23

I have x_data and labels separately. How can I combine and load them in the model using torch.utils.data.DataLoader?

I have a dataset that I created and the training data has 20k samples and the labels are also separate. Lets say I want to load a dataset in the model, shuffle each time and use the batch size that I prefer. The Dataloader function does that. How can I combine and put them in the function so that I can train it in the model in pytorch?

Amarnath
  • 361
  • 1
  • 2
  • 5

2 Answers2

17

Assuming both of x_data and labels are lists or numpy arrays,

train_data = []
for i in range(len(x_data)):
   train_data.append([x_data[i], labels[i]])

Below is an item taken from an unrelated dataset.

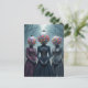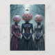 A surreal scene of three women with vintage bubblegum machines for their head in a forest
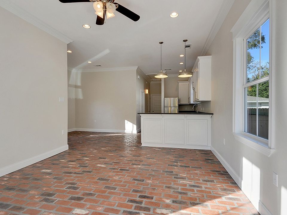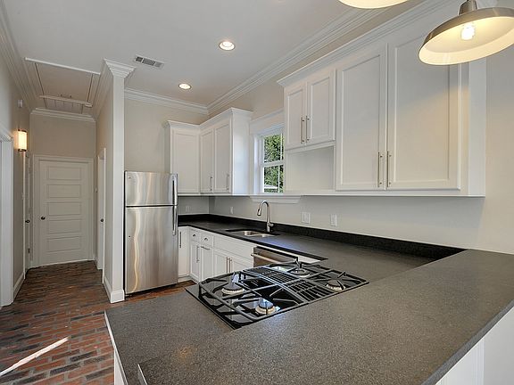 You don't want to miss this one! Beauregard Town, Great Front Porch, Courtyard, Off street parking, Picket fenced yard. No Flood Zone! 100% Financing Available through special loan product for owner occupants! 2 bedroom, 1 bath, open floor plan, new structure, custom wood cabinets, Black Pearl (leather matte finish) kitchen granite, raised bar, top of the line Stainless steel appliances include: Jenn-air gas range & convection oven, Kitchen Aid dishwasher and GE refrigerator. Antique Copper brick floors throughout living areas, carpet in bedrooms, vintage honeycomb porcelain tile in the bathroom. The master bedroom closest includes the washer and dryer connections and porcelain tile flooring. The bathroom has a large vanity with storage, Carrara marble slab top, porcelain tub with subway tiled surround, beaded board wainscoting. 10 foot ceilings, extensive crown molding throughout. 8 foot wood front door, 8 foot front windows, all double insulated windows, custom wood shutters, architectural shingles, well insulated, attic access, ceiling fans, landscaped, be in the the heart of downtown! Call today for an appointment to see inside!

trainloader = torch.utils.data.DataLoader(train_data, shuffle=True, batch_size=100)
i1, l1 = next(iter(trainloader))
print(i1.shape)
ASHu2
  • 270
  • 2
  • 6
7

I think the standard way is to create a Dataset class object from the arrays and pass the Dataset object to the DataLoader.

One solution is to inherit from the Dataset class and define a custom class that implements __len__() and __get__(), where you pass X and y to the __init__(self,X,y).

For your simple case with two arrays and without the necessity for a special __get__() function beyond taking the values in row i, you can also use transform the arrays into Tensor objects and pass them to TensorDataset.

Run the following code for a self-contained example.

# Create a dataset like the one you describe
from sklearn.datasets import make_classification
X,y = make_classification()

# Load necessary Pytorch packages
from torch.utils.data import DataLoader, TensorDataset
from torch import Tensor

# Create dataset from several tensors with matching first dimension
# Samples will be drawn from the first dimension (rows)
dataset = TensorDataset( Tensor(X), Tensor(y) )

# Create a data loader from the dataset
# Type of sampling and batch size are specified at this step
loader = DataLoader(dataset, batch_size= 3)

# Quick test
next(iter(loader))
Johannes
  • 171
  • 3